Extracted information Block Start
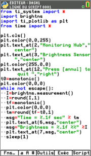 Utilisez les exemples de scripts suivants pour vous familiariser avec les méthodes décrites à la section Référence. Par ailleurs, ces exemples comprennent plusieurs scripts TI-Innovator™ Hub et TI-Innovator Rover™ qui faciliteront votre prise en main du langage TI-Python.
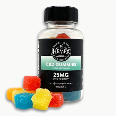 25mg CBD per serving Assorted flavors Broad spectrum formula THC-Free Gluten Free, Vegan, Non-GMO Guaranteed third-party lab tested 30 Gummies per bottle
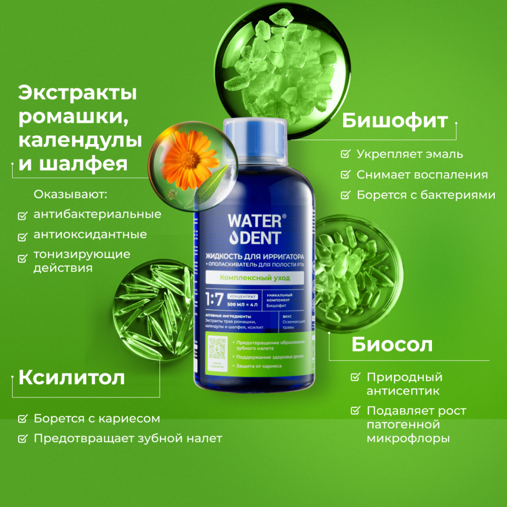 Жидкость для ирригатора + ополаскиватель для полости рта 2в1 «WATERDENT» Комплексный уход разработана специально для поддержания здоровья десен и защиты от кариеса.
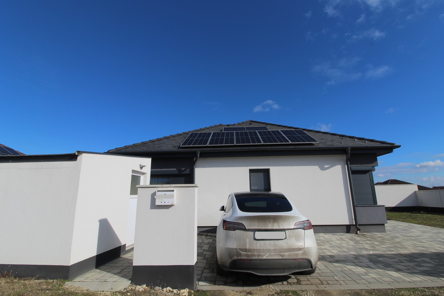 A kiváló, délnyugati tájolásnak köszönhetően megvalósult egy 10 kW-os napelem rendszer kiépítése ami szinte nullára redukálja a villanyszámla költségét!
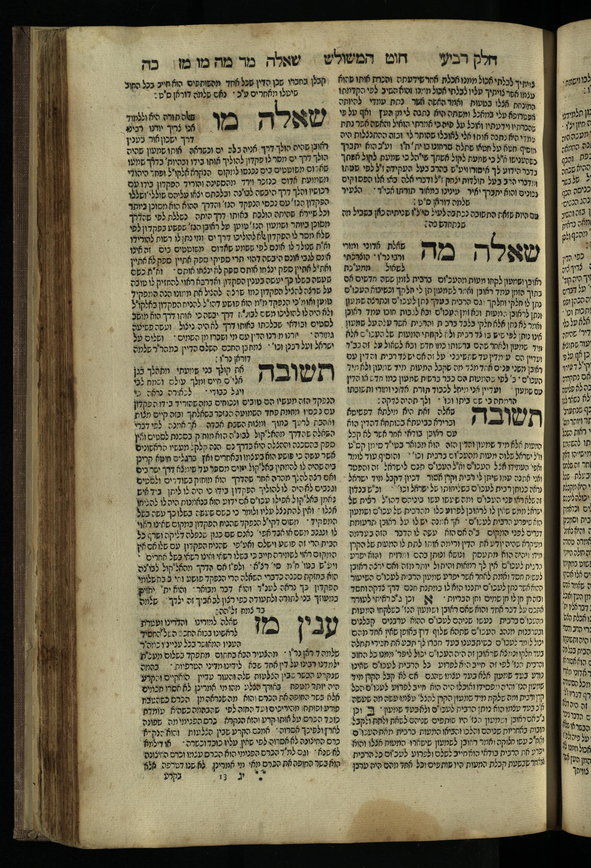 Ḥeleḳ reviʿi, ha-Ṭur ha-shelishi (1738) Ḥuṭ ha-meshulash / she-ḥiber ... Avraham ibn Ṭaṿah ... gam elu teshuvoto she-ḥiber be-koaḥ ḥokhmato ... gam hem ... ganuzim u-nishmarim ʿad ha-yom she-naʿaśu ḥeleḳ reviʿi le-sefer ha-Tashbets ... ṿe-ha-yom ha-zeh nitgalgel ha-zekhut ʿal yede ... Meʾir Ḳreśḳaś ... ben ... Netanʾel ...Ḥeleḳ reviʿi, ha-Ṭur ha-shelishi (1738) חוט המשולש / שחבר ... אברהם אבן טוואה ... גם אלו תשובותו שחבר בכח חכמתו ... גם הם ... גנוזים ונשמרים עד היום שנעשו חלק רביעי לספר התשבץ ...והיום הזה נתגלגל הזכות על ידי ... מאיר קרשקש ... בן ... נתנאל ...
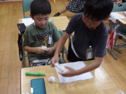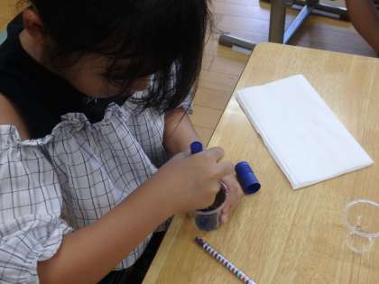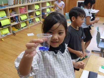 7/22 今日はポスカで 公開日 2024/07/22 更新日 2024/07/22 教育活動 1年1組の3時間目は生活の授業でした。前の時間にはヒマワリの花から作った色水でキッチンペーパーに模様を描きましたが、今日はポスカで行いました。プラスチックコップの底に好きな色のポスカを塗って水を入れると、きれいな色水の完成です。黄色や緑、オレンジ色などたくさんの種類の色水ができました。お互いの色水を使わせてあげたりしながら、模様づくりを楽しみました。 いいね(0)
Extracted information Block End
How to complete this task:
Repeat word for word, and nothing more, the lines between the line containing "Ḥeleḳ reviʿi, ha-Ṭur ha-shelishi (1738) Ḥuṭ" and the last line of the records above, inclusive, without pictures.

Reply to the task:
 Ḥeleḳ reviʿi, ha-Ṭur ha-shelishi (1738) Ḥuṭ ha-meshulash / she-ḥiber ... Avraham ibn Ṭaṿah ... gam elu teshuvoto she-ḥiber be-koaḥ ḥokhmato ... gam hem ... ganuzim u-nishmarim ʿad ha-yom she-naʿaśu ḥeleḳ reviʿi le-sefer ha-Tashbets ... ṿe-ha-yom ha-zeh nitgalgel ha-zekhut ʿal yede ... Meʾir Ḳreśḳaś ... ben ... Netanʾel ...Ḥeleḳ reviʿi, ha-Ṭur ha-shelishi (1738) חוט המשולש / שחבר ... אברהם אבן טוואה ... גם אלו תשובותו שחבר בכח חכמתו ... גם הם ... גנוזים ונשמרים עד היום שנעשו חלק רביעי לספר התשבץ ...והיום הזה נתגלגל הזכות על ידי ... מאיר קרשקש ... בן ... נתנאל ...
 7/22 今日はポスカで 公開日 2024/07/22 更新日 2024/07/22 教育活動 1年1組の3時間目は生活の授業でした。前の時間にはヒマワリの花から作った色水でキッチンペーパーに模様を描きましたが、今日はポスカで行いました。プラスチックコップの底に好きな色のポスカを塗って水を入れると、きれいな色水の完成です。黄色や緑、オレンジ色などたくさんの種類の色水ができました。お互いの色水を使わせてあげたりしながら、模様づくりを楽しみました。 いいね(0)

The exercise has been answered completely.